We have put some specific values to autovacuum parameters for tables which take so much time to be analyzed. To do that
weused following kind of query : 

ALTER TABLE tablename SET (autovacuum_vacuum_threshold=20, autovacuum_vacuum_scale_factor=0.01,
autovacuum_analyze_threshold=10,autovacuum_analyze_scale_factor=0.005, autovacuum_vacuum_cost_delay=10,
autovacuum_vacuum_cost_limit=1000);

These tables have two timestamp columns and a btree index on both timestamp column.
Will it be more efficient for us to configure the autovacuum daemon analyze task only on those columns ? If yes, how
canwe do that ? 


> A description of the environment would also be good. Hardware? Load?
Debian 6 64bits
8  Intel(R) Xeon(R) CPU           E5506  @ 2.13GHz
16 Go RAM - 4 Go Swap
4 * 300 Go Raid 0


Regards, Baptiste.


Re: Autoanalyze of the autovacuum daemon ...

From
"Kevin Grittner"
Date:
Baptiste LHOSTE wrote:

>> Please show us the output from running this query:
>>
>> http://wiki.postgresql.org/wiki/Server_Configuration

> [very reasonable settings except for a very large work_mem]

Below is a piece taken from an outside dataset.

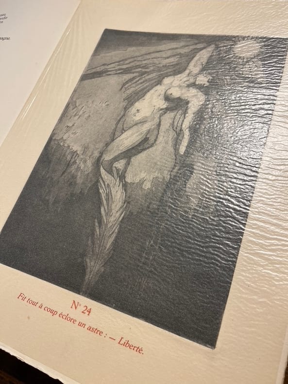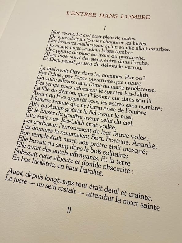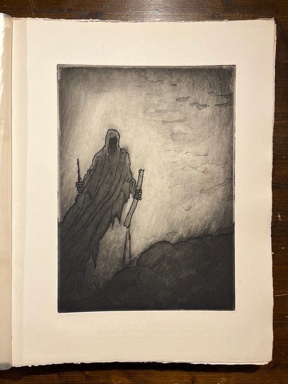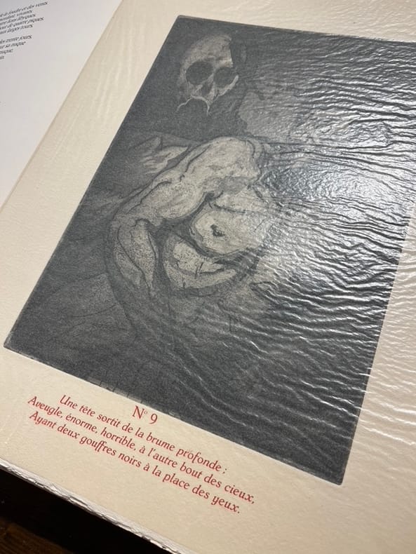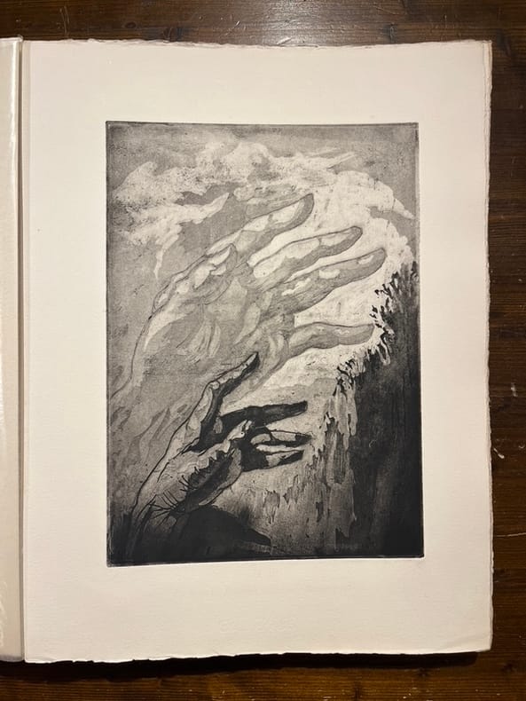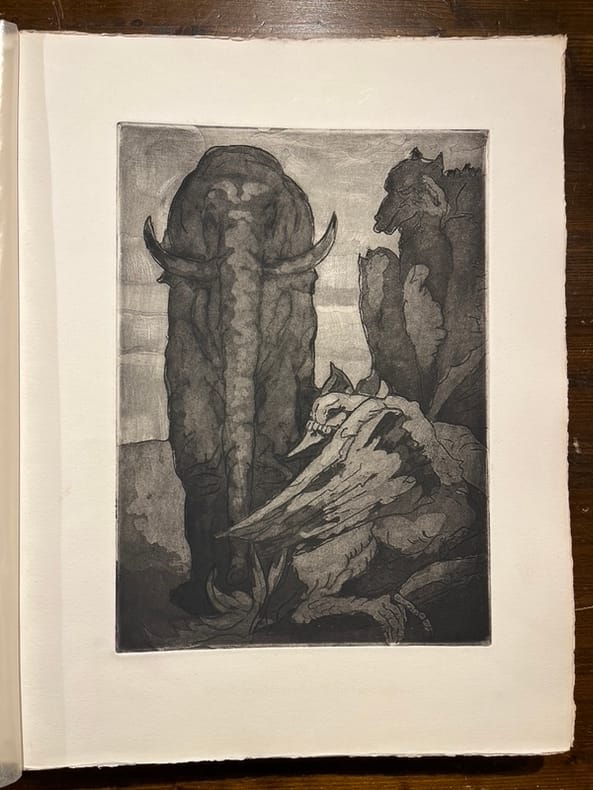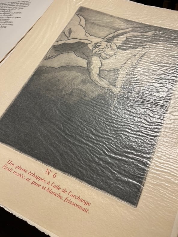 Illustré par Emile Bernard de 50 majestueuses eaux-fortes originales, tirées par l'artiste. Monumentale édition publiée sur l'initiative de Louis Barthou, alors président du "Livre Contemporain", à l'occasion du cinquantenaire de la mort de Victor Hugo. Tiré à 120 exemplaires numérotés sur vélin d'Arches spécial, celui-ci est le 101, imprimé pour M. Funereau. C'est Ambroise Vollard, qui avait déjà édité plusieurs livres illustrés par Emile Bernard, qui présenta ce dernier à Louis Barthou. Il invita l'artiste à lui proposer un texte à illustrer. Après le rejet de Dieu de Victor Hugo, premier choix du peintre, c'est La Fin de Satan qui fut retenu. "C’est cette angoisse de l’ombre que Bernard essaie de capter dans ses illustrations pour La Fin de Satan. Les eaux-fortes qui ponctuent l’édition monumentale du poème (le livre pèse sept kilos et mesure 85 x 50 cm.) rappellent le graphisme de Victor Hugo et d’Odilon Redon par leur caractère sublime et mystérieux." N. McWilliam, Emile Bernard. Au-delà de Pont-Aven, INHA, 2012. Quelques feuillets ont des rousseurs, et la chemise est abîmée, hormis cela c'est un très bel exemplaire.

Make sure that work_mem setting isn't driving you into swapping or
near-zero caching. A shortage of cache space could explain this
because it looks like about 8.5 ms for each page read. About the only
other thing I can think to recommend is to decrease
autovacuum_cost_delay to 10ms and see if that helps.

> These tables have two timestamp columns and a btree index on both
> timestamp column. Will it be more efficient for us to configure the
> autovacuum daemon analyze task only on those columns ?

No.

> 4 * 300 Go Raid 0

You do realize that if any of those four drives fail you will need to
use your backup, right?

-Kevin


Re: Autoanalyze of the autovacuum daemon ...

From
Baptiste LHOSTE
Date:
>> Please show us the output from running this query:
>>
>> http://wiki.postgresql.org/wiki/Server_Configuration

> [very reasonable settings except for a very large work_mem]

> Make sure that work_mem setting isn't driving you into swapping or
> near-zero caching. A shortage of cache space could explain this
> because it looks like about 8.5 ms for each page read. About the only
> other thing I can think to recommend is to decrease
> autovacuum_cost_delay to 10ms and see if that helps.

When I run a command htop on my server I can not see any swap issue :

Mem 4Go / 16Go
Swp 175B / 4Go

I am sorry but I do not understand we you suggest to decrease autovacuum_cost_delay to 10 ms.
We already set autovacuum_vacuum_cost_delay to 10ms for those tables.

>> 4 * 300 Go Raid 0

> You do realize that if any of those four drives fail you will need to
> use your backup, right?

Yes, we do. We already used our backup when we changed some old servers.

Regards, Baptiste.